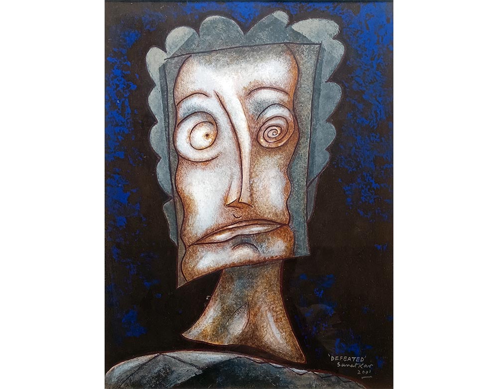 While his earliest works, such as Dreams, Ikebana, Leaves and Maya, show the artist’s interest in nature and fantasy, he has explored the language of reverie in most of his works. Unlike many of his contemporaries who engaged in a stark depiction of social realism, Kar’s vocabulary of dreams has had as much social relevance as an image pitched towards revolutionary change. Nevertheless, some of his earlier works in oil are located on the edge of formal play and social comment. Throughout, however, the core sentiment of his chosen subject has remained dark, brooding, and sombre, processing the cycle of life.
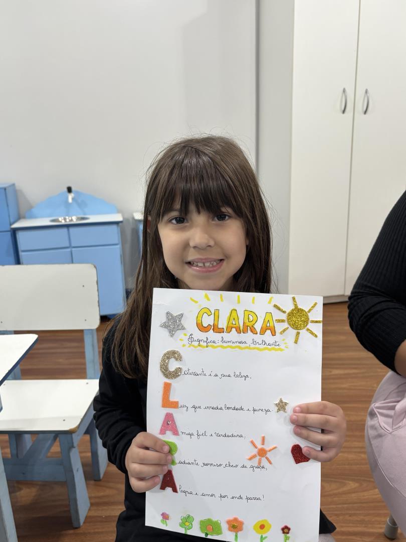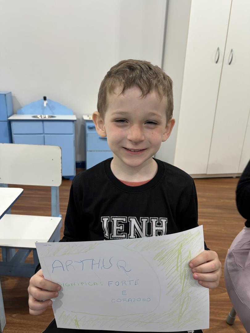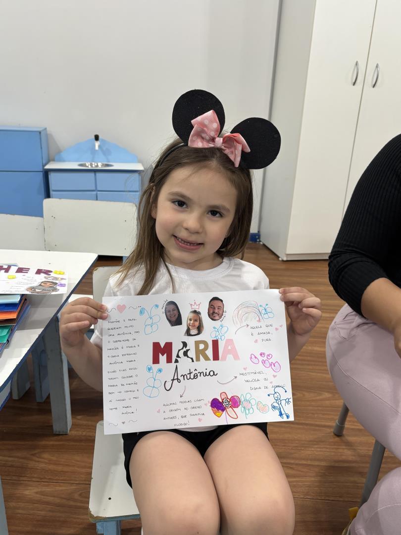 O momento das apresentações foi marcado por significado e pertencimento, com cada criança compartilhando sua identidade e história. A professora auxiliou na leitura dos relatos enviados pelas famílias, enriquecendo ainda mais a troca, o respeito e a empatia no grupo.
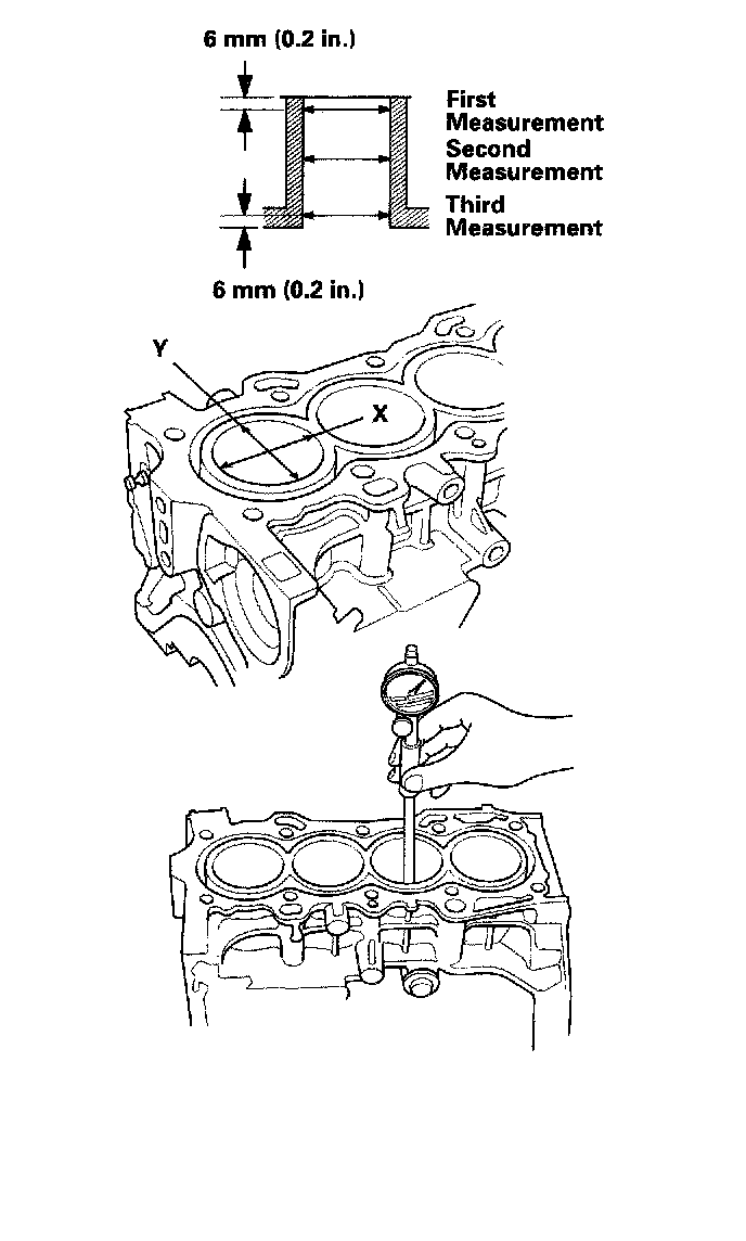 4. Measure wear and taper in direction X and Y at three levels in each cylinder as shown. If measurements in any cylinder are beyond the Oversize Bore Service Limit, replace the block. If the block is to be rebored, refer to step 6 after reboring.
━━━━━━━━━━
Every line above should be repeated exactly; pictures stay out of the copy.

**ANSWER SPACE:**
 While his earliest works, such as Dreams, Ikebana, Leaves and Maya, show the artist’s interest in nature and fantasy, he has explored the language of reverie in most of his works. Unlike many of his contemporaries who engaged in a stark depiction of social realism, Kar’s vocabulary of dreams has had as much social relevance as an image pitched towards revolutionary change. Nevertheless, some of his earlier works in oil are located on the edge of formal play and social comment. Throughout, however, the core sentiment of his chosen subject has remained dark, brooding, and sombre, processing the cycle of life.
 O momento das apresentações foi marcado por significado e pertencimento, com cada criança compartilhando sua identidade e história. A professora auxiliou na leitura dos relatos enviados pelas famílias, enriquecendo ainda mais a troca, o respeito e a empatia no grupo.
 4. Measure wear and taper in direction X and Y at three levels in each cylinder as shown. If measurements in any cylinder are beyond the Oversize Bore Service Limit, replace the block. If the block is to be rebored, refer to step 6 after reboring.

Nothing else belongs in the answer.